WuXi, whose stock market value in the US has more than doubled since it launched a $185 million initial public offering in New York last August, will also assume AppTec debt of around $11.7 million. Based in St, Paul, Minnesota, AppTec provides testing, contract research and development (R&D) and current good manufacturing practice (cGMP)-standard production services to the biopharmaceutical and medical device industries.
Describing itself as “China’s premier provider of pharmaceutical R&D outsourcing services”, WuXi says the acquisition will enable it to offer a full set of outsourced chemistry and biology services to global pharmaceutical, biotechnology and medical device clients. It provides immediate access to biologics capabilities and a “significant US operational footprint”, as well as expanding WuXi’s customer base and addressable market size.
AppTec’s established customer relationships with a number of leading pharmaceutical, biotechnology and medical device companies in the US and worldwide will supplement WuXi’s existing client base, which last year extended to 80 companies, including nine of the world’s top 10 pharmaceutical players by revenue. Also part of the package are AppTec’s state-of-the-art, FDA-registered US facilities in St. Paul, Atlanta and Philadelphia.

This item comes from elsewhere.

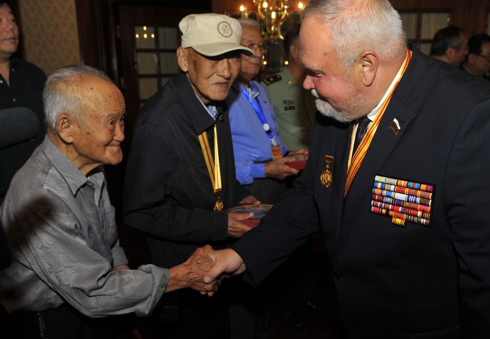 2015年9月5日,二戰(zhàn)蘇軍著名統(tǒng)帥瓦西里·崔可夫的外孫尼古拉·崔可夫(前右)與中國抗戰(zhàn)老兵代表在活動(dòng)現(xiàn)場(chǎng)交流。新華社記者 魯鵬 攝

The acquisition price is around 2.1 times AppTec’s revenues for 2007, which are expected to be in the range of $70-$72 million. Including this projection, AppTec will have shown compound annual growth in revenues of around 46% since 2004.
Founded only in 2000, WuXi PharmaTech has built up “a broad and integrated portfolio of laboratory and research manufacturing services throughout the drug discovery and development process”. Chairman and chief executive officer Dr. Ge Li characterised the deal with AppTec as “an important milestone in realising our vision of becoming the global R&D outsourcing leader”. WuXi’s chemistry services will be complemented by AppTec’s biologics testing and manufacturing capabilities to create “a fully integrated service platform, from which we will be able to provide more value-added services to our customers”, he added.

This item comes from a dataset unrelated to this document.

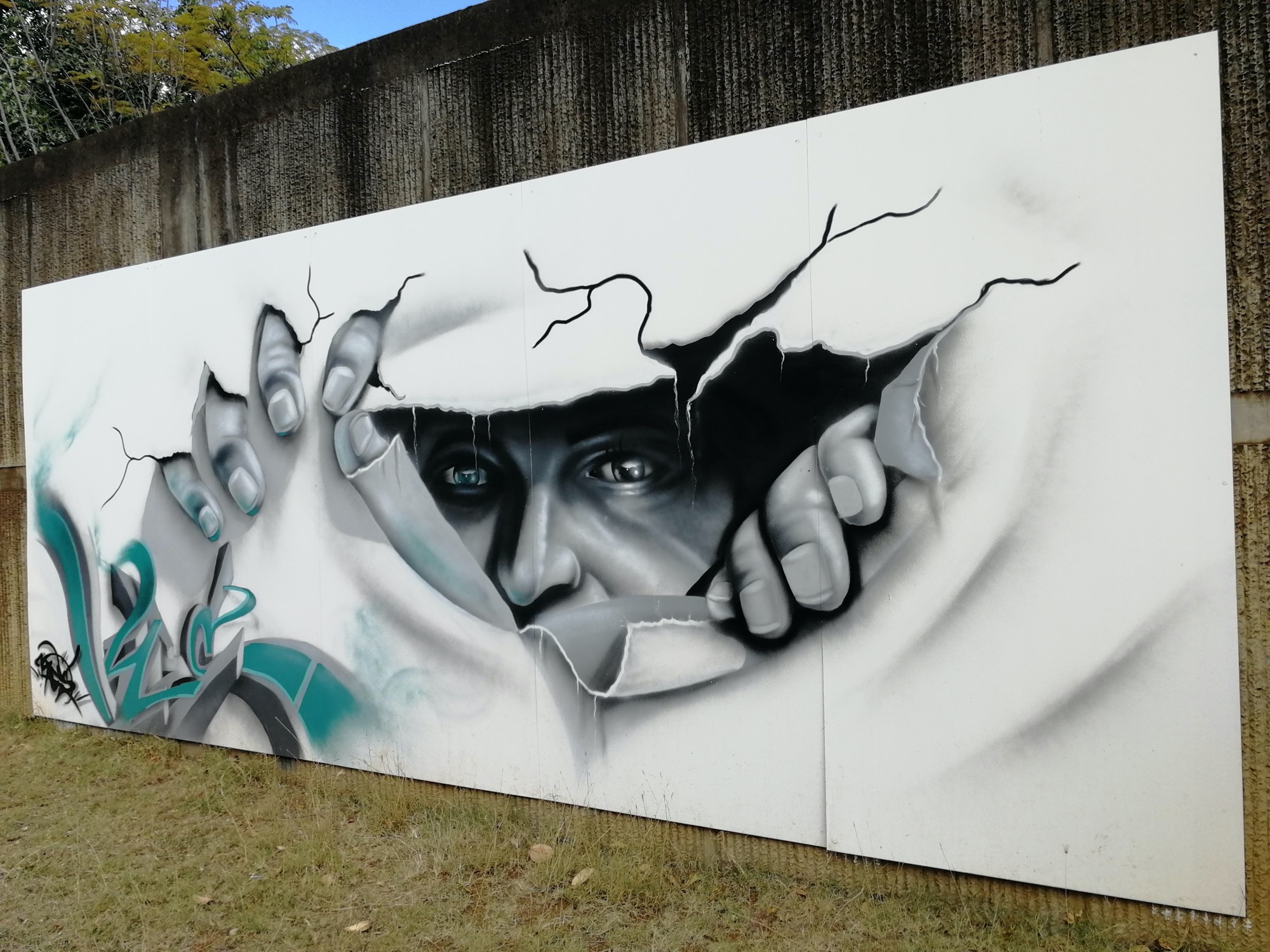 The artwork is of graffiti type. You can admire it in the city of Saint-Pierre in Réunion and more precisely here : 112 Rue Francois de Mahy, Saint-Pierre, Réunion.

The transaction, which has been approved by the AppTec and WuXi boards as well as AppTec’s shareholders (no consent is required from WuXi’s shareholders), is expected to close, subject to the usual conditions, in the first quarter of 2008. It will be immediately accretive to the Chinese company’s earnings per share, excluding amortisation of acquired intangibles and one-time charges related to the deal, WuXi notes.
China rising
WuXi’s rapid growth and ability to tap into markets outside China testifies to the country’s increasing attractiveness as a location for outsourced R&D, as pharmaceutical companies in more established markets scramble to cut costs and to reinvigorate their discovery efforts and product pipelines. According to a Bloomberg report citing data from the Boston Consulting Group, research personnel and supplies can cost 60% less in China than in the US, while Ernst & Young estimates the cost of a two-month primate study in China at around $20,000, one tenth as much as in the US.

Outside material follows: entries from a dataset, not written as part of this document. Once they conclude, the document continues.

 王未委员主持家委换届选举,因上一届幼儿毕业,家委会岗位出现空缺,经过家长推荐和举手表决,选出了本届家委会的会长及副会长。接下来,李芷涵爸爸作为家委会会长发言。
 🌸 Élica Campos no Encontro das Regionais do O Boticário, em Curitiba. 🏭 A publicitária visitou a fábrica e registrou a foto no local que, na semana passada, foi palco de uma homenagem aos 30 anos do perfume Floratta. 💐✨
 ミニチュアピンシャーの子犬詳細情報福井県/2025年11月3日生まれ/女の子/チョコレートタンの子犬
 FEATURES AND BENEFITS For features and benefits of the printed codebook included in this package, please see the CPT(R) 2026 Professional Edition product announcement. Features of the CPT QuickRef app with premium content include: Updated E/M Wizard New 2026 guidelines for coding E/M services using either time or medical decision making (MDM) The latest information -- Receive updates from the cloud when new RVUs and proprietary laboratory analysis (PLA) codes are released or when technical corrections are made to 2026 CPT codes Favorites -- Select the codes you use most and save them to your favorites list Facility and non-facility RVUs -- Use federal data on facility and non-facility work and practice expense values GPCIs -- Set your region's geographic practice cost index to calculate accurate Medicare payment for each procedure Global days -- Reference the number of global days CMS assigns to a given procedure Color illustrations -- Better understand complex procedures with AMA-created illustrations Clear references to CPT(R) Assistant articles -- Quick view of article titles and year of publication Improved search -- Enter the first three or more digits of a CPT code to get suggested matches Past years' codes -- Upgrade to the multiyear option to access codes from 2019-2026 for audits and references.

A recent report on outsourcing clinical trials by US-based Arrowhead Publishers put China at the top of a location attractiveness index that ranked 31 “ascending” markets for clinical development according to seven measures of attractiveness such as study costs, population/patients and disease incidence. China scored an average index of 6.48 while India was in second place with an average of 5.66. Figures from clinicaltrials.gov, the on-line registry established by the US National Institutes of Health in 1997, suggest that China is pulling ahead of India as a preferred location for outsourced clinical trials.
A number of multinationals such as Eli Lilly, Sanofi-Aventis, AstraZeneca, Novartis and GlaxoSmithKline have stepped up their commitment to research and development in China. Among the reasons cited are a solid medical infrastructure, a large and often treatment-naïve patient population, a national drive for innovation and an improved intellectual property regime.
Last month, US-based MPI Research gave a vote of confidence to China’s early development capabilities when it announced a joint venture with Shanghai Medicilon to set up a 50,000sq ft preclinical testing facility in Shanghai’s Chuansha Economic Park. The new company, Medicilon-MPI Preclinical Research (Shanghai) LLC, is expected to be fully operational by 2009, offering preclinical services to US Good Laboratory Practice (GLP) standards.